### PROBLEM TO SOLVE:
Verbatim copy, pictures excluded: every line from the one with "Cable & Gauge-heathered" through the final line of the data below, and no other line.

### COLLECTED MATERIAL:

- - - - - - -

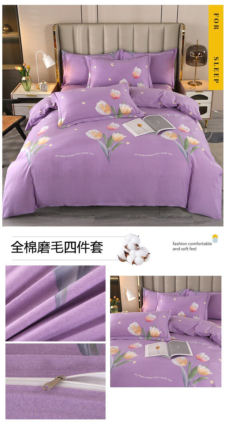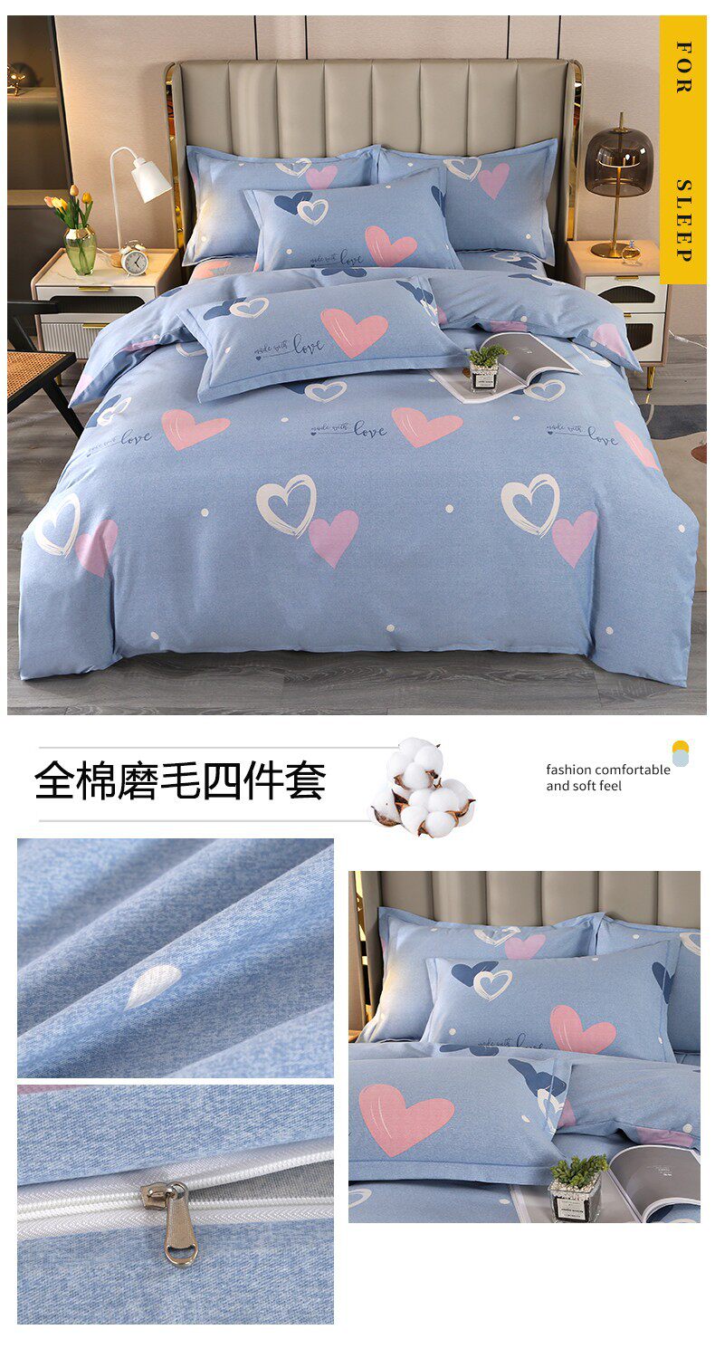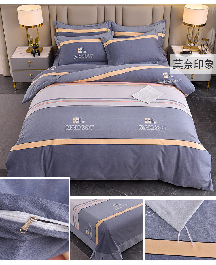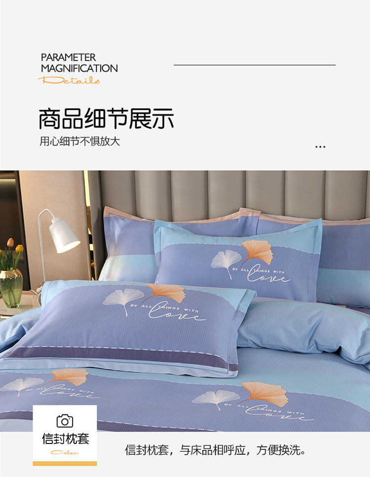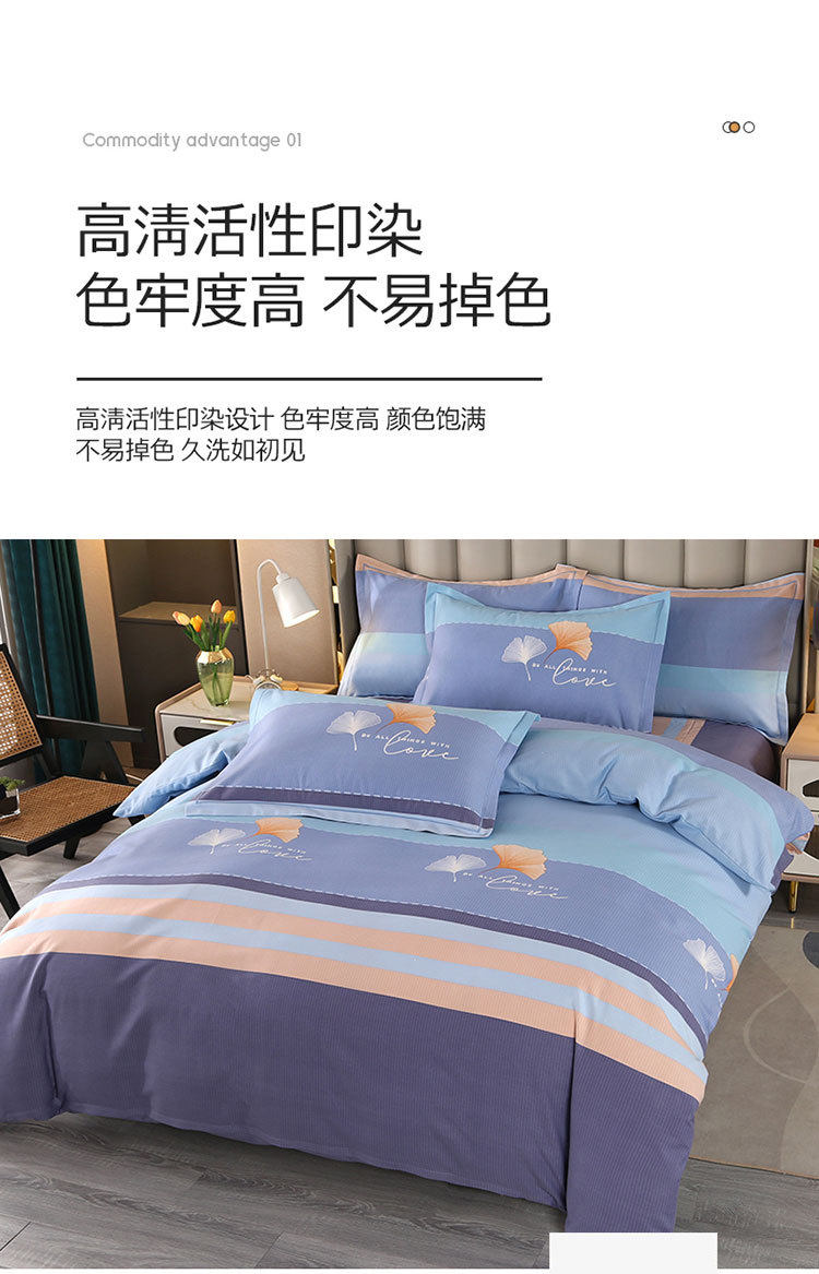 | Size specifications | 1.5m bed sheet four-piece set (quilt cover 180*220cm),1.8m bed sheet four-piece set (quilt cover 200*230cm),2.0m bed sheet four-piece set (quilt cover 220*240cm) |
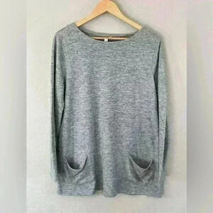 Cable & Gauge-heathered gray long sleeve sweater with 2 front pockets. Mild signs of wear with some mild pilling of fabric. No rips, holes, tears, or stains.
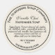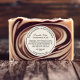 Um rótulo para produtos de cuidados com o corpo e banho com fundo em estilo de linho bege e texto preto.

- - - - - - -

### RESPONSE TO THIS EXERCISE:
 Cable & Gauge-heathered gray long sleeve sweater with 2 front pockets. Mild signs of wear with some mild pilling of fabric. No rips, holes, tears, or stains.
 Um rótulo para produtos de cuidados com o corpo e banho com fundo em estilo de linho bege e texto preto.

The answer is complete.